During the presentation he had used source and someone asked him why he used it. Afterwards he recommended What’s the difference between executing a Bash script vs sourcing it?.

David noted that the problem with the NVIDIA Optimus which Mike had raised on the mailing list prior to the meeting was addressed on the Arch wiki.

Brian raised an issue with the Raspberry Pi 4 which works best on the 5GHz network but NetworkManager prefers to use whatever is the stronger signal which is often 2.4GHz. The solution is to configure wpa_supplicant to prefer 5GHz. John said that he done this by creating separate SSIDs for each channel in his router and allocating one channel to each SSID.

David said that he had again had to deputise for BCB to get their web-streaming up again. To avoid future problems he had been trying to configure a Raspberry Pi with Tasmota so that a smartplug would boot the Raspberry Pi with Ubuntu MATE arm64 for the Raspberry Pi and launch a VNC desktop with RTL-SDR (Software Defined Radio) and PulseAudio; he is using the noVNC HTML client to serve it through a web browser.

The Raspberry Pi uses Real VNC which is all mediated through a cloud server and only works well with Real VNC. David had been trying TigerVNC but had given up on it and is going to try TightVNC. Performance should be the same between two different VNC servers but he has not been able to make it work headless.

[After the meeting Bernard emailed to say:

I use the native Raspberry Pi OS, and run it headless. I SSH to the Pi, type in

vncserver -Authentication VncAuth :1

then I can VNC to it.]

This command, as explained on the Real VNC website, relies on the fact that the Raspberry Pi uses Real VNC.

Brian mentioned that from 15 March 2021 Google will no longer be giving sync-API keys to developers to use in other browsers; in order to use sync, people will have to use Chrome or chromium.

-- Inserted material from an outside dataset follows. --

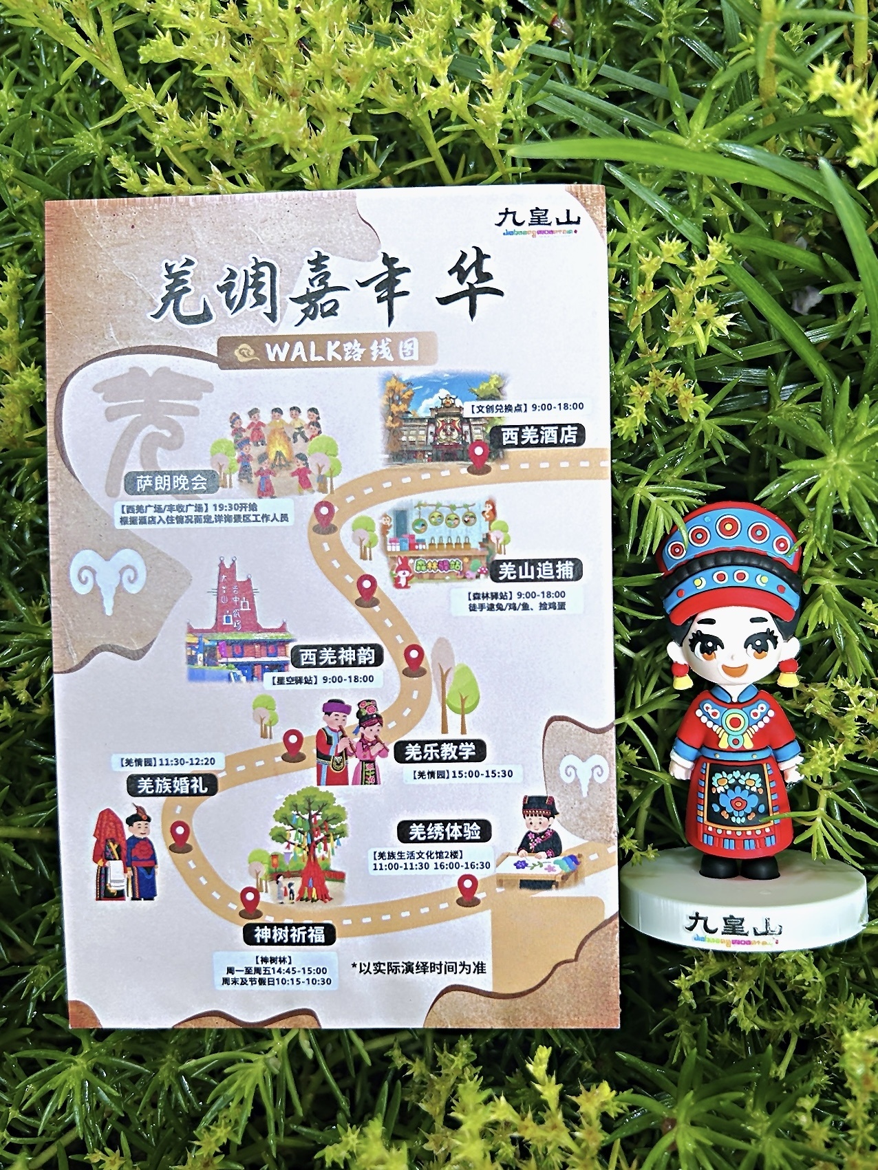 从6月开始,九皇山同步推出的羌调walk集章活动也在火热进行中。游客入园即可在游客中心“云中羌寨索道”入口处领取定制walk地图,开启充满惊喜的沉浸式文化探索之旅。

Darren raised the latest divergence between MariaDB and MySQL, this time over authentication and John said that he was investigating this with a view to doing a presentation on it. Broadly speaking there are now about seven different ways of authenticating a user on MariaDB; three involve storing passwords in MariaDB; the others involve relying on the fact that the person has already used a password to gain access to the system on which MariaDB is located. So users of Unix based systems can use the fact that they have already had to put in a password to gain access to the system to use MariaDB without putting in a further password; similarly, users whose access is authenticated via a PAM or other authentication system can use MariaDB without putting in a further password.